Jo Ann Henson’s older brother, Mark Henson, also says that the crime did not instill in him a resentment of whites. “My father was killed by white boys, but I had a cousin and a whole lot of friends killed by blacks. So how can you say, ‘I hate whites’? You can say it for an individual, but to say you hate them in general is crazy.”

He thinks his father’s killers might simply be afraid to own up to it. “I wouldn’t want nobody to know that I did that,” he says. “I mean, some people never forget. They’ll have vengeance in their heart until they get you. But revenge ain’t gonna do nothing but put you somewhere. It’s just gonna be a circle. Somebody has got to say, ‘Forget it.’

“It’s probably something they want to put behind them,” he continues. “If they still feel that way about blacks, then there’s nothing nobody can do about it. If they don’t still feel that way, they probably regret it, but they can’t take it back.”

He says it doesn’t bother him that neither of the adults who were charged went to prison. “They probably did their time in their head,” he says. “God could have punished them in their mind. Let God take care of it—that’s how I look at it. I don’t go to church, but I know there’s a consequence for everything.”

Though Jo Ann is much less forgiving of her father’s killers than her brother, she acknowledges some mixed feelings. “The 14-year-old [Swanson] could have been a decent boy and got caught up with the wrong crowd, and just went along with it,” she says. “You see it happen with black kids all the time.”

About Schickel, she says: “He was 17, so he was really a kid. If at 17 all this hate is in you, that was something you learned. Yeah, you’re responsible in a sense—but I blame all the grown-ups that was around you at that point. You didn’t start out knowing how to hate; they gave you the tools. And he could have went through his whole life feeling bad about it. That’s probably why he won’t talk about it—it’d be too painful.”

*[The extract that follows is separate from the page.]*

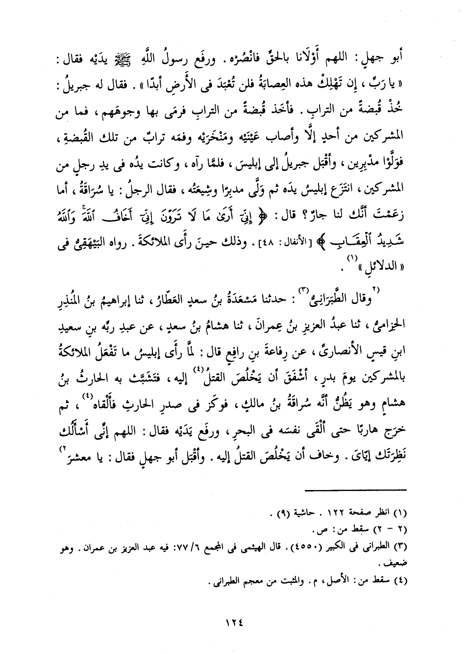 أَبُو جَهْلٍ: اللَّهُمَّ أَوْلَانَا بِالْحَقِّ فَانْصُرْهُ. وَرَفَعَ رَسُولُ اللَّهِ صَلَّى اللَّهُ عَلَيْهِ وَسَلَّمَ يَدَيْهِ فَقَالَ: يَا رَبِّ، إِنْ تَهْلِكْ هَذِهِ الْعِصَابَةُ فَلَنْ تُعْبَدَ فِي الْأَرْضِ أَبَدًا. فَقَالَ لَهُ جِبْرِيلُ: خُذْ قَبْضَةً مِنَ التُّرَابِ. فَأَخَذَ قَبْضَةً مِنَ التُّرَابِ فَرَمَى بِهَا وُجُوهَهُمْ، فَمَا مِنَ الْمُشْرِكِينَ مِنْ أَحَدٍ إِلَّا وَأَصَابَ عَيْنَيْهِ وَمَنْخَرَيْهِ وَفَمَهُ تُرَابٌ مِنْ تِلْكَ الْقَبْضَةِ، فَوَلَّوْا مُدْبِرِينَ، وَأَقْبَلَ جِبْرِيلُ إِلَى إِبْلِيسَ، فَلَمَّا رَآهُ وَكَانَتْ يَدُهُ فِي يَدِ رَجُلٍ مِنَ الْمُشْرِكِينَ، انْتَزَعَ إِبْلِيسُ يَدَهُ ثُمَّ وَلَّى مُدْبِرًا وَشِيعَتُهُ، فَقَالَ الرَّجُلُ: يَا سُرَاقَةُ، أَمَا زَعَمْتَ أَنَّكَ لَنَا جَارٌ؟ قَالَ: {إِنِّي أَرَى مَا لَا تَرَوْنَ إِنِّي أَخَافُ اللَّهَ وَاللَّهُ شَدِيدُ الْعِقَابِ} [الأنفال: 48] وَذَلِكَ حِينَ رَأَى الْمَلَائِكَةَ. رَوَاهُ الْبَيْهَقِيُّ فِي الدَّلَائِلِ.
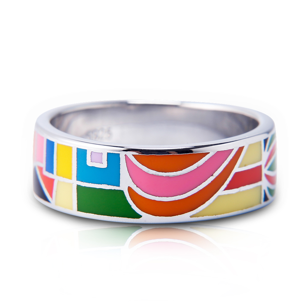 Unrestrained Enamel Jewelry ring bands design with colorful pattern match with vogue dress make your life with charming and energetic.

But she wishes he would discuss it, difficult or not. “When it all come down to it, he took a life,” she says. “And it was my father’s life. I would like to hear him say he was young, he wasn’t thinking, he made a mistake, and if he could do it over, that he would do it different. Maybe he wouldn’t have got a gun—maybe it would have been a fistfight or an argument. Maybe even nothing should have been said—just let everybody live their life. I would like to hear him say, ‘Sorry for the pain I caused your family.'”

Jena Cutie helped research this story.